Sicher, Zeiten ändern sich, und Gartenkultur war, ist und wird immerfort einem stetigen Wandel unterworfen sein: Stiefmütterchen und Gartenzwerge sind Schnee von gestern, neben Buddhas und High-Tech-Grills sind jetzt also sogenannte Gabionen oder Gabionen-Zäune der letzte Schrei.
Der Begriff Gabione - sprich Gabiohne - klingt erstmal toll (oder skurril, je nachdem, wie's betont wird). Ähnlich wohlklingend wie Zabaione. Lässt an Sonne, Pasta Vino - Urlaub eben - denken. Drahtschotterkasten klingt da schon nüchterner und holt Einen auf den Boden der Tatsachen. Und streng genommen sprechen wir hier von: Steinmauern hinter Drahtgestellen. Sozusagen von Steinkäfigen. Ich machte mich schlau im Internet und siehe da: Neben der Mauervariante - sogar in geschwungener Form - gibt es den Trend noch in Würfel-, Zylinder-, Kugel-, Kegel-, Schnecken- und Trapezausführung. Bei den Steinbrocken-Varianten hat man die Wahl zwischen: Heinrich Grau, Barbarossa Gelb und Augustus der Schwarze. Es gibt sogar Gabione-Grills. Sie verheißen eine "tolle Atmosphäre". Aha.

Was heißt aber eigentlich "Gabione" und wie kommt man darauf, sich so etwas im (Vor-)Garten installieren zu lassen? Der Begriff ist abgeleitet aus dem Italienischen Gabbione, was einen großen Käfig bezeichnet (sagt Wikipedia). Andere Begriffe dafür: Steinkorb, Schüttkorb, Mauersteinkorb oder eben Drahtschotterkasten. Aha.
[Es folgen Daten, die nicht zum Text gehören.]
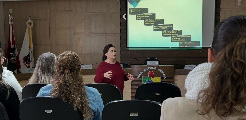 A capacitação foi conduzida pela palestrante Iraci de Andrade, Mestra e Doutora em Serviço Social, que compartilhou suas experiências e abordagens voltadas ao fortalecimento das políticas públicas de assistência social.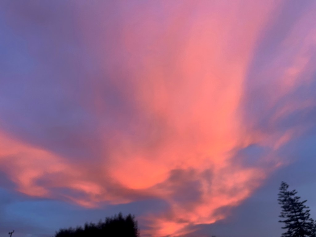 On Christmas morning the sky was streaked deep red; perhaps showing a future storm heading our way. And today, boxing day, this lovely sky was flashing pink.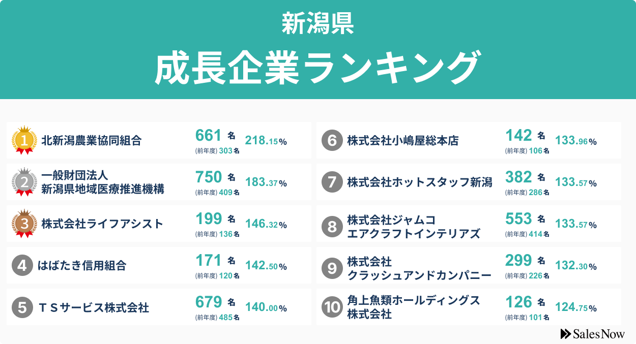 【新潟県】成長企業ランキングTOP50! /SalesNow DBレポート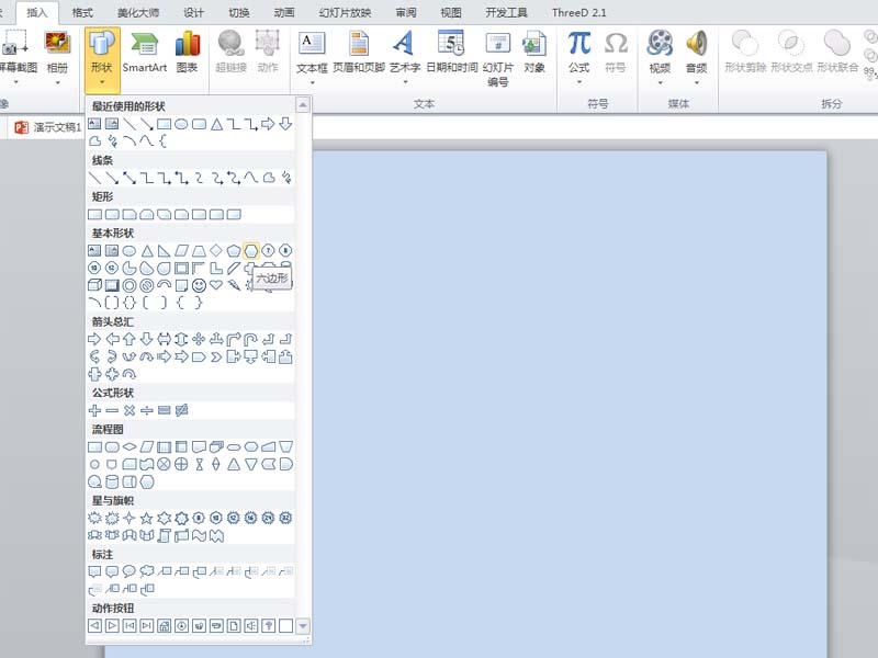 2、执行插入-形状-六边形命令,在页面上按住shift键绘制一个正六边形。

Im Mittelalter: Schanzkörbe für Schießpulver

Ursprünglich wurden dieserart Konstruktionen etwa eingesetzt: Im Wasser-, Straßen und Wegebau zum Aufbau von Wällen, zur Errichtung von Sicht- oder Lärmschutzanlagen, zur Böschungsbefestigungen und als Stützmauer. Im Mittelalter wurden sie - aus Weiden geflochten - als Schanzkörbe bezeichnet und man verwendete sie seit der Einführung des Schießpulvers vor allem im Festungskrieg. Klingt vernünftig. Aber als Schmuck und Verschönerung für den heimischen Garten? Na, ich weiss nicht. Oder ist dieser Trend einfach total überflüssig und dient dazu, die entprechende Industrie am Leben zu halten?
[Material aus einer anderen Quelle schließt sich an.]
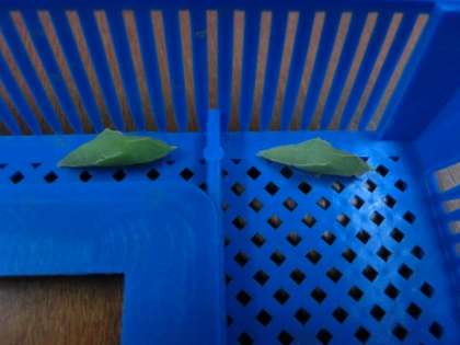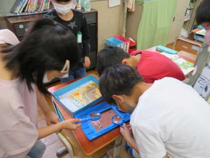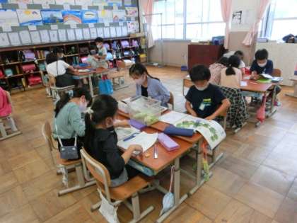 理科の学習「こん虫の育ち方」で,モンシロチョウの幼虫がさなぎになりました。飼育ケースの側面や蓋の裏側でたくさん見つかりました。うすい黄緑やうすい茶色をしていてうごきません。中がすけて見えるものも・・・モンシロチョウがたくさん生まれそうで,楽しみです。

Wollen Leute, die auf so etwas stehen, mit den Dingern ihr Grundstück - einer Festung gleich - gegen das des Nachbarn absichern? Überhaupt: Was sagt es über den Eigentümer aus, wie er seinen (Vor-)Garten gestaltet? Spannendes Thema. Hierzu ein interessantes Interview mit Udo Weilacher, Professor für Landschaftsarchitektur vom 7. April in der Zeit: "Das Stiefmütterchen wird diffamiert" Zitat: "Wir leben in einer Überflussgesellschaft, die sich das Luxusprodukt Garten leisten kann." Das stimmt nachdenklich. Finde ich.

Frage: Wer, als leidenschaftlicher Gabioniker - outet sich? Wäre interessant, einen Fürsprecher zu hören.